### What to do
Among the records that follow, set down only the lines from the one containing "Чистота души – залог здорового образа жизни" to the one containing "Das dreistündige Powerplay", both included, exactly.

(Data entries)
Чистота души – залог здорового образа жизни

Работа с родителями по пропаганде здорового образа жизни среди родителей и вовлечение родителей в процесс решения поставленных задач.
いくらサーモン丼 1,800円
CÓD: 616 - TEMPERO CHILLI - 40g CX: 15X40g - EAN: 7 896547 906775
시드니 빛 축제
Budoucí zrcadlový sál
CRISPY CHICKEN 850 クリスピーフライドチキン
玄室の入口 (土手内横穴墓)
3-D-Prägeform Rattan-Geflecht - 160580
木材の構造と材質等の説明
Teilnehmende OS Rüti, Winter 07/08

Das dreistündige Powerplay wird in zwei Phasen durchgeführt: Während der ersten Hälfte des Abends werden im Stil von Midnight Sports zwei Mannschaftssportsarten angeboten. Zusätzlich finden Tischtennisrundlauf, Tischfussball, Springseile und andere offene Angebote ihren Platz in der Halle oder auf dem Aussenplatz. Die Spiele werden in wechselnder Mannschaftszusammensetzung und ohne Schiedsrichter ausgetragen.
* * *
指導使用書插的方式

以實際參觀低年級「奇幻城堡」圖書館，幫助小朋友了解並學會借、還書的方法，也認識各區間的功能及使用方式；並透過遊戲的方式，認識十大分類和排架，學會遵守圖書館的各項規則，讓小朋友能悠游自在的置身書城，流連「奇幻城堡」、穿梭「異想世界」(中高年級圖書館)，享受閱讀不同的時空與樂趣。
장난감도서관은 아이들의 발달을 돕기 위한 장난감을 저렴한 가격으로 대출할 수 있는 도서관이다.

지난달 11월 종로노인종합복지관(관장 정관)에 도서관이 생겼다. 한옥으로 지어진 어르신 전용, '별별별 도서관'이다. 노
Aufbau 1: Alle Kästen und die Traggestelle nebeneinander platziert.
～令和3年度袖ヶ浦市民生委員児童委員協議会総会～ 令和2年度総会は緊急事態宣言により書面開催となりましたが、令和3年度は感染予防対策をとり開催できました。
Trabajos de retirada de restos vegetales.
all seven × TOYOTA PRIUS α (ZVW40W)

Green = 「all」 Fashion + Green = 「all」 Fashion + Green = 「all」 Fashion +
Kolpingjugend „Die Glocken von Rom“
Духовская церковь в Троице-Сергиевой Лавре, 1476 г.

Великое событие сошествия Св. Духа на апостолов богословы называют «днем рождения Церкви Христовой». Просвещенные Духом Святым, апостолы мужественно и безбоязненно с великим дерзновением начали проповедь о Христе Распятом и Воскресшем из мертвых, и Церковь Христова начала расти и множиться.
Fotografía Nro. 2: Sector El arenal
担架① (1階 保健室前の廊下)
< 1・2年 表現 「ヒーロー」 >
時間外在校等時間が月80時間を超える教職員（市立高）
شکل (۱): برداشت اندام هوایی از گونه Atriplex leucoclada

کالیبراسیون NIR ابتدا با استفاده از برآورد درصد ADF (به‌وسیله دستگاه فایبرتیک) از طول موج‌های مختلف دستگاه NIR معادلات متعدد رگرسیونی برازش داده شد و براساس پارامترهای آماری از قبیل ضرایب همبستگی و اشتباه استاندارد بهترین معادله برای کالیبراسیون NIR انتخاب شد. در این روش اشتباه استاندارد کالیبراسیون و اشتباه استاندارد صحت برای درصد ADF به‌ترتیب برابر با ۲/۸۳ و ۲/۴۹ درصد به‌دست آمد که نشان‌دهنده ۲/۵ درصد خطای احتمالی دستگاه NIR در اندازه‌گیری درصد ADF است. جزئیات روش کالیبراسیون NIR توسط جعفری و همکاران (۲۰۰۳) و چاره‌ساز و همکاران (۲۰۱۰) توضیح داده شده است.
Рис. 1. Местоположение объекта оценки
...
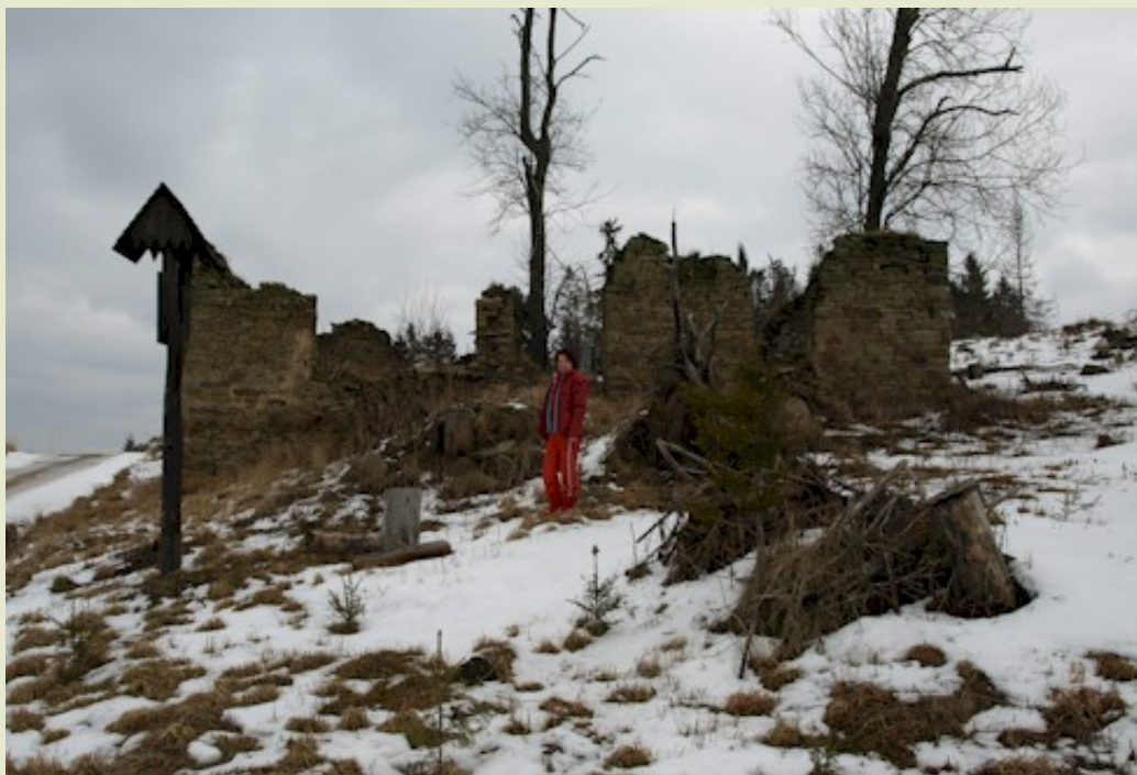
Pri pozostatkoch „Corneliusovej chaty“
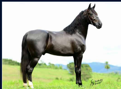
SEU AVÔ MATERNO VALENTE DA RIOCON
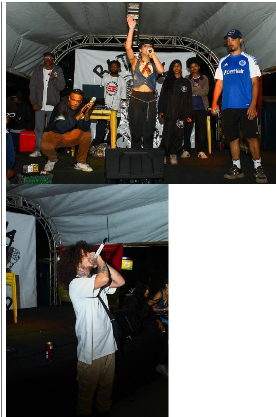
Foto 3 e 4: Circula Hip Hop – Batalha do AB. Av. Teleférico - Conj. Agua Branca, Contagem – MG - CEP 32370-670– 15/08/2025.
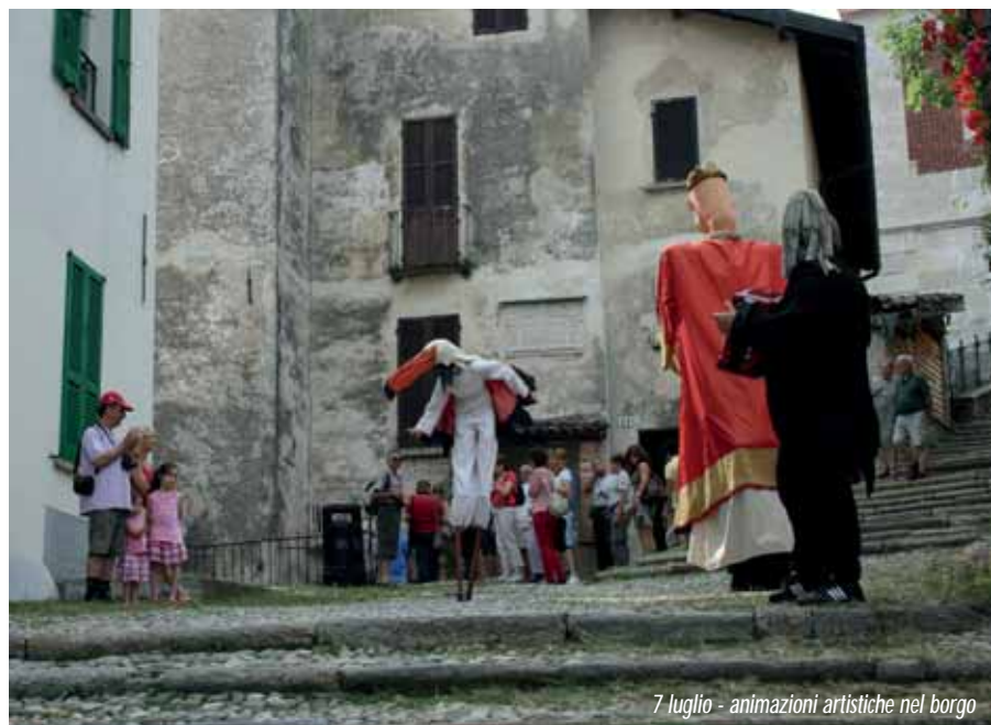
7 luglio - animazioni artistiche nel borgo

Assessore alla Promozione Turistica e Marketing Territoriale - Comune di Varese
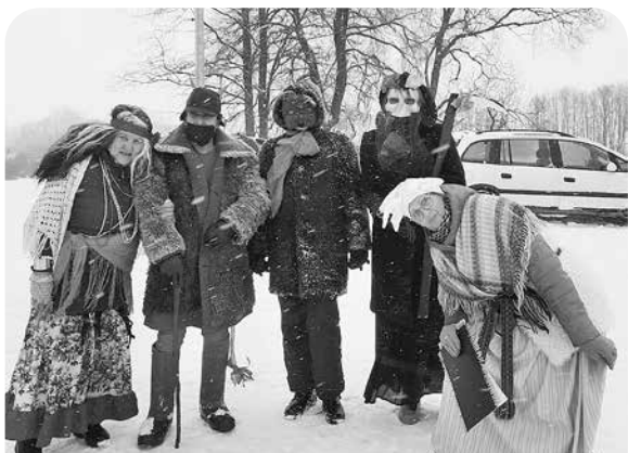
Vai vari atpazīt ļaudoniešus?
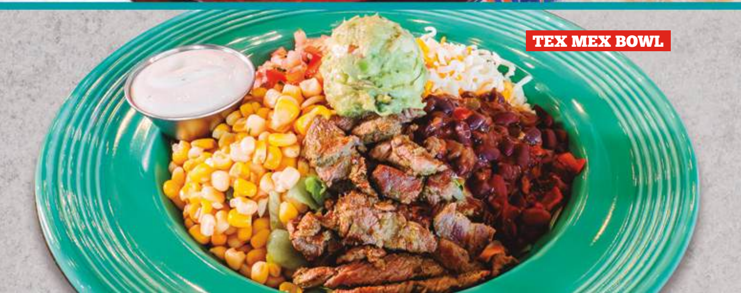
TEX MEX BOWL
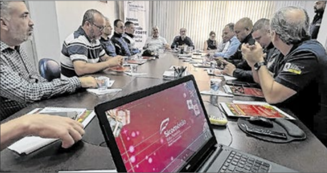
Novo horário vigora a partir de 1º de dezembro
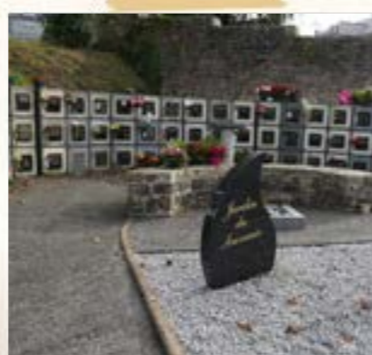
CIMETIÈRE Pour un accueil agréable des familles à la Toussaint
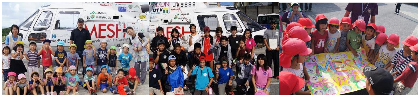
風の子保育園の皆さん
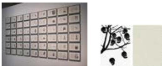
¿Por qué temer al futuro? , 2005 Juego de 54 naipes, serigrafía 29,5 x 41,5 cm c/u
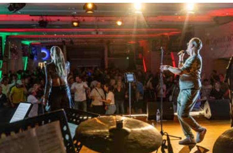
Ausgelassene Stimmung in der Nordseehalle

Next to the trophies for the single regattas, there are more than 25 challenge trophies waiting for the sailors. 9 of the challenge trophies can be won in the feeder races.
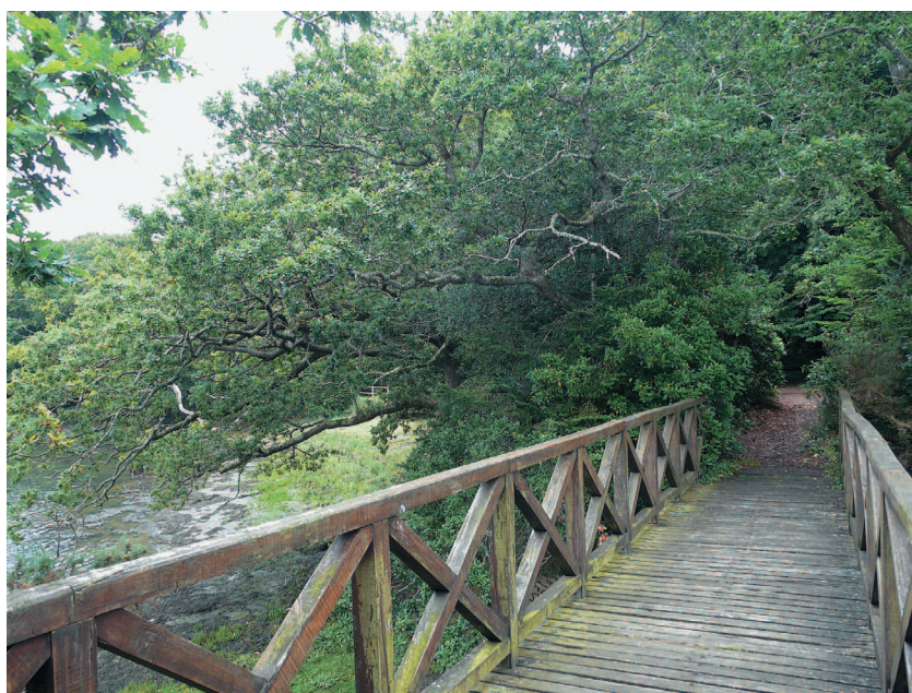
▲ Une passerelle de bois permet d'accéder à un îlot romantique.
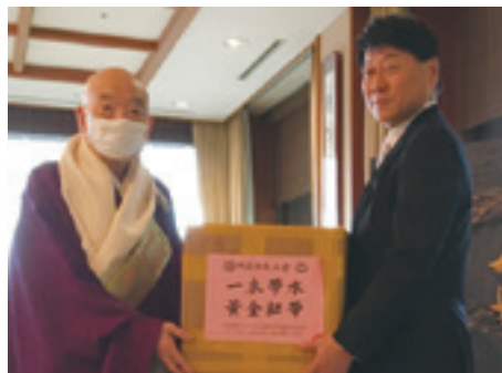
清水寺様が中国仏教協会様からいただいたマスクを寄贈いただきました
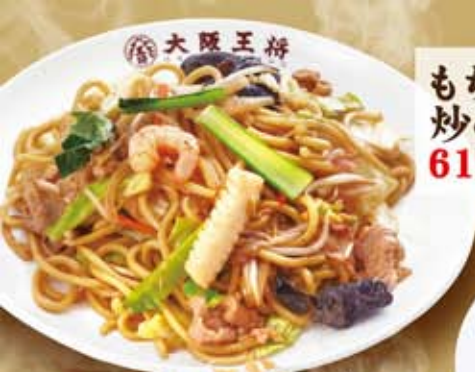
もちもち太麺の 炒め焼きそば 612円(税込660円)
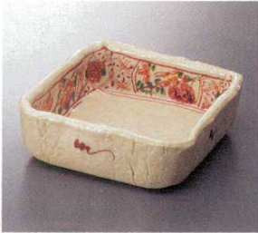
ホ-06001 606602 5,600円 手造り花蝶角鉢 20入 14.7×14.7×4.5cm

### Completed task
Чистота души – залог здорового образа жизни

Работа с родителями по пропаганде здорового образа жизни среди родителей и вовлечение родителей в процесс решения поставленных задач.
いくらサーモン丼 1,800円
CÓD: 616 - TEMPERO CHILLI - 40g CX: 15X40g - EAN: 7 896547 906775
시드니 빛 축제
Budoucí zrcadlový sál
CRISPY CHICKEN 850 クリスピーフライドチキン
玄室の入口 (土手内横穴墓)
3-D-Prägeform Rattan-Geflecht - 160580
木材の構造と材質等の説明
Teilnehmende OS Rüti, Winter 07/08

Das dreistündige Powerplay wird in zwei Phasen durchgeführt: Während der ersten Hälfte des Abends werden im Stil von Midnight Sports zwei Mannschaftssportsarten angeboten. Zusätzlich finden Tischtennisrundlauf, Tischfussball, Springseile und andere offene Angebote ihren Platz in der Halle oder auf dem Aussenplatz. Die Spiele werden in wechselnder Mannschaftszusammensetzung und ohne Schiedsrichter ausgetragen.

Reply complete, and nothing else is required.